Intermediate· ~2 min read#recommendation#collaborative-filtering#personalization

Recommendation System

Personalization at scale

A system that surfaces the next item, content, or product a user is likely to want — the spine of Netflix, Spotify, Amazon, YouTube.

Definition

Recommenders solve "out of millions of options, which 10 are most relevant for this user?". Three main approaches:

- Content-based: uses item features. The user liked action films → recommend other action films with similar attributes. Resilient to cold-start; rarely surprising. - Collaborative filtering: "users like you liked this". User-based (find similar users) or item-based (find items co-liked with what you like). Matrix factorization (SVD, ALS) is the classic. - Hybrid: the modern default. Add deep learning on top (Two-Tower models, transformer-based recommenders, sequence-aware models).
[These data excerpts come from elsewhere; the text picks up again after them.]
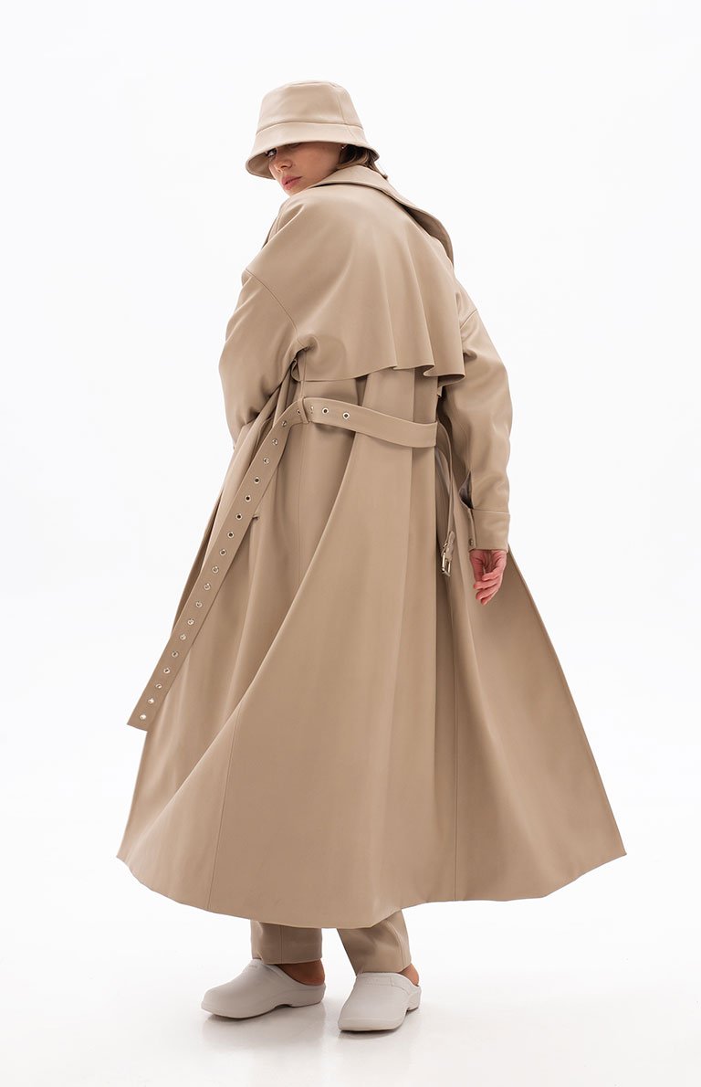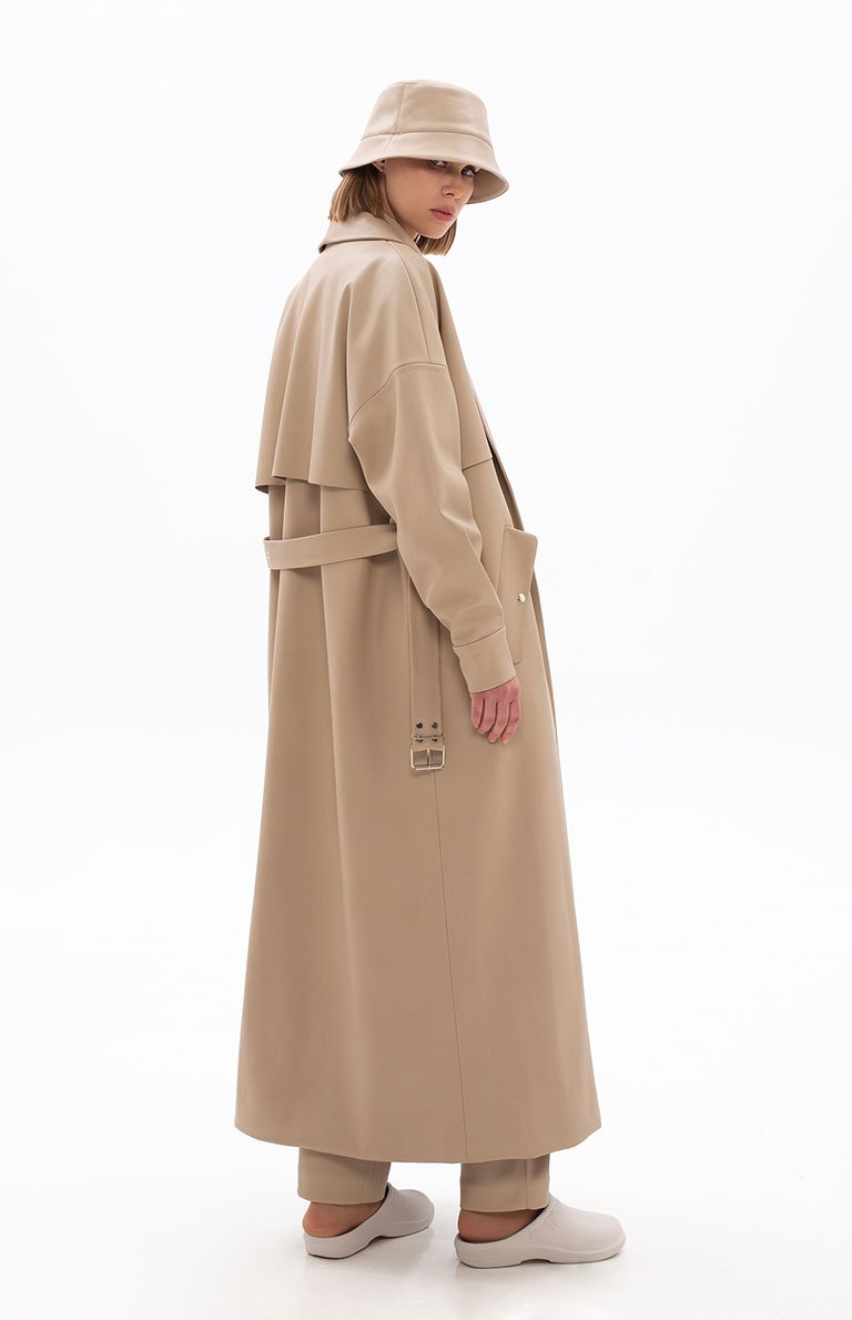 BEIGE ECO-LEATHER TRENCH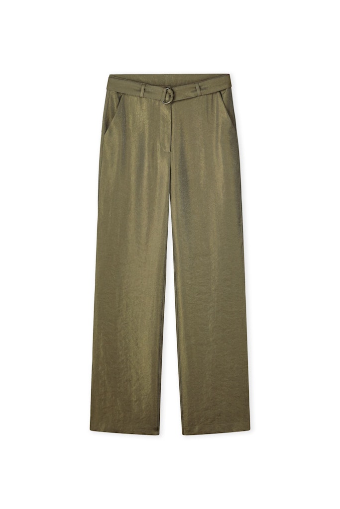 Glanzende broek van Kyra met rechte pijpen, knoop- en ritssluiting, twee steekzakken en een ceintuur in de taille.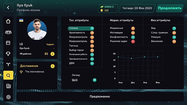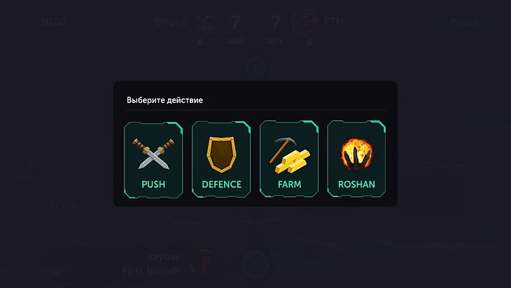 А это ведь главный тригер любого менеджера. Здесь нет ощущения, что ты на что-то влияешь. По сути, это не менеджер, а кликер, где нужно фармить очки тренировок путем нажатия кнопки «следующий день». Раскачиваешь любых игроков – побеждаешь «в Доту». Решения каждые 10 минут во время карты не приводят игрока к очевидным последствиям. Вот я нажал «Фарм» – и у меня прибавилось 500 золота. Окей, а насколько нетворс важен при определении победителя? Как обыграть более сильную команду? Что я должен сделать, чтобы у меня хотя бы появился шанс не проиграть EG?

Quality isn't only accuracy. Diversity (don't trap the user in a niche), novelty, serendipity, and fairness (filter bubbles, exposure for small creators) are tracked metrics. The behavior of the entire list is judged, not a single prediction.

Analogy

A skilled bookseller. You bought a thriller; they remember. Next visit, they either suggest the new release by an author you liked (content-based), or "thriller readers like you have been into a Japanese writer lately" (collaborative). A good bookseller balances both — never the same author every time, never something completely off-target.

Real-world example

A music app's "Made for you" runs in three stages:

1. Candidate generation: out of 50M songs, fetch the 1000 nearest neighbors of the user vector via ANN (FAISS/HNSW) in milliseconds. 2. Ranking: 1000 candidates scored 0–1 by gradient boosting (or a ranking transformer) using user × song features. Top 50 selected. 3. Re-ranking: apply diversity (no two songs by the same artist back-to-back), novelty (boost unheard songs), business rules (promote new releases). Output: 30 songs.
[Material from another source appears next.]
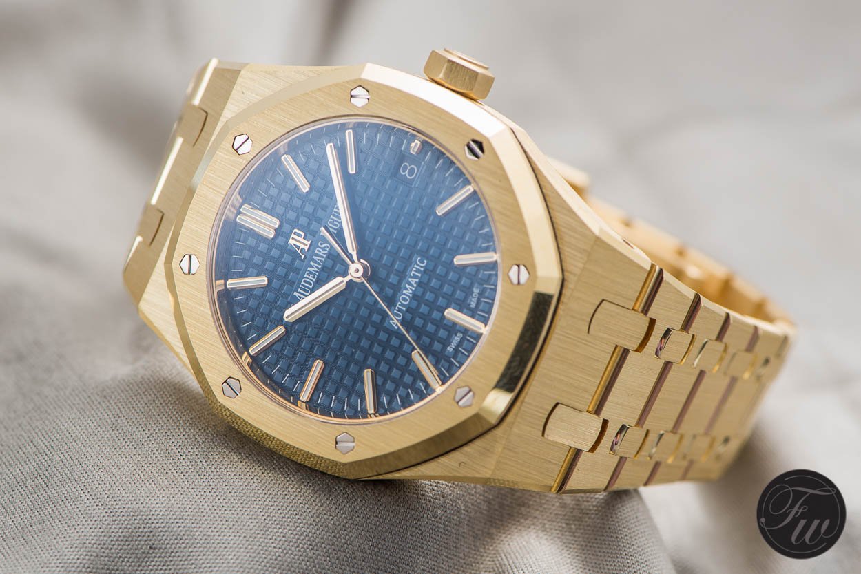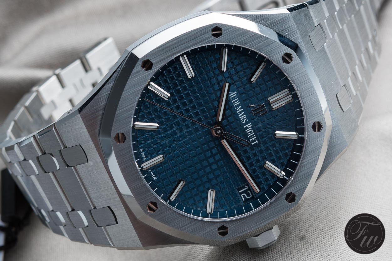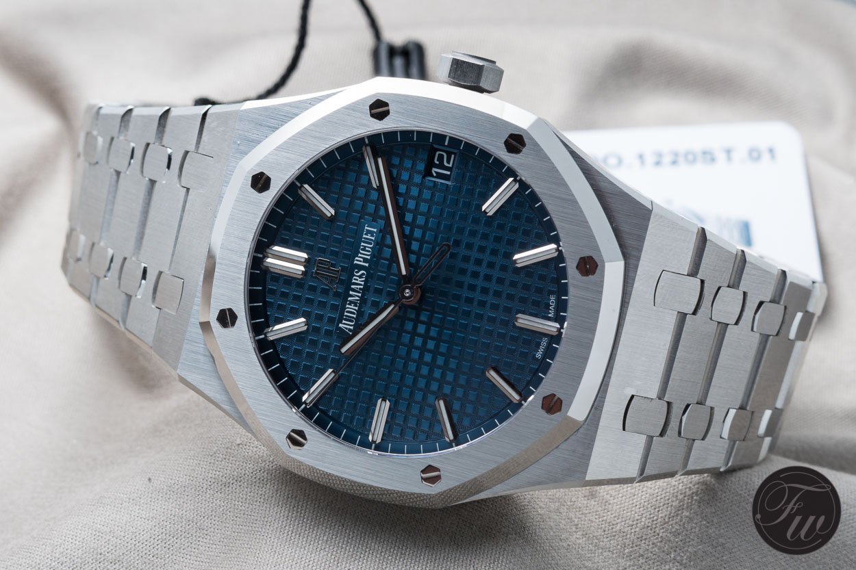 The Royal Oak 15202 comes with a “Petite Tapisserie” blue dial these days (prior to 2012, it was available with a blue, white and charcoal dial), unless you choose for one of the precious metal versions that are available with a gold, salmon (more of pink gold as I wrote above), blue, sunburst blue or even a green dial (The Hour Glass edition).

This three-stage architecture (candidates / rank / re-rank) is standard at major platforms. Training data: implicit signals (clicks, listens, skips) and explicit (likes, saves, shares).

Code examples

Implicit · ALS collaborative filteringPython

import scipy.sparse as sp
from implicit.als import AlternatingLeastSquares

# Sparse matrix: users × items, cells = interaction count
user_item = sp.csr_matrix(...)

model = AlternatingLeastSquares(
    factors=64,
    regularization=0.01,
    iterations=20,
    use_gpu=False,
)
model.fit(user_item)

# Top 10 recs for user 42
recs = model.recommend(42, user_item[42], N=10)
for item_id, score in recs:
    print(f"item {item_id}: {score:.3f}")

# Item-item similarity
similar = model.similar_items(item_id=123, N=5)

Two-Tower model (PyTorch sketch)Python

import torch
import torch.nn as nn

class TwoTower(nn.Module):
    def __init__(self, n_users, n_items, dim=64):
        super().__init__()
        self.user_emb = nn.Embedding(n_users, dim)
        self.item_emb = nn.Embedding(n_items, dim)
        self.user_mlp = nn.Sequential(nn.Linear(dim, dim), nn.ReLU(), nn.Linear(dim, dim))
        self.item_mlp = nn.Sequential(nn.Linear(dim, dim), nn.ReLU(), nn.Linear(dim, dim))
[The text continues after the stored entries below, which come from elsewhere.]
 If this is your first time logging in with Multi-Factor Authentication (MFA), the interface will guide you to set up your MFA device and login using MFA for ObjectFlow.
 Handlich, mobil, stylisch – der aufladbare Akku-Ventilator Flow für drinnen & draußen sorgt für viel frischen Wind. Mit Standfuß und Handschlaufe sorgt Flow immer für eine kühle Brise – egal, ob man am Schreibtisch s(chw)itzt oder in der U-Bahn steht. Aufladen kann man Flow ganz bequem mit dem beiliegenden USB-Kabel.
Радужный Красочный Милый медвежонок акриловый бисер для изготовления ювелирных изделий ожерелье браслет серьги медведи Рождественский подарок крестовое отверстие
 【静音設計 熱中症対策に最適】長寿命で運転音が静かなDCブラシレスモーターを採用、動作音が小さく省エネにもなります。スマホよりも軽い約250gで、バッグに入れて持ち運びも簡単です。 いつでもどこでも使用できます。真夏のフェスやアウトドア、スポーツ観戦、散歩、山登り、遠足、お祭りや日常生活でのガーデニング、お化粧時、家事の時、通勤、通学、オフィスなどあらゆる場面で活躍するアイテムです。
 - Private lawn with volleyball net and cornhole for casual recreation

    def forward(self, user_ids, item_ids):
        u = self.user_mlp(self.user_emb(user_ids))
        i = self.item_mlp(self.item_emb(item_ids))
        return (u * i).sum(dim=-1)  # cosine or dot product

# After training, item vectors go into an ANN index;
# at runtime each user query maps to N nearest items in milliseconds.

When to use

Many items (thousands+) and you need personalization
Plenty of interaction data (clicks, watches, purchases)
Personalizing home, email, push
Cross-sell, related items, 'you might also like'

When not to use

Few items (10–50) — explicit rules are clearer and effective
Insufficient interaction data — cold-start dominates
Strict fairness/diversity requirements without baseline evaluation

Common pitfalls

Filter bubble / reinforcement

Recommending only what was previously liked traps users in narrow tastes. Diversity and serendipity metrics are necessary balances.

Cold-start

New user / new item have no history. Fall back to content features, popular items, fast onboarding to gather signal.

Optimizing offline metrics

High AUC, NDCG, MAP doesn't guarantee real clicks. Online A/B testing on CTR, conversion, retention is the only honest measure.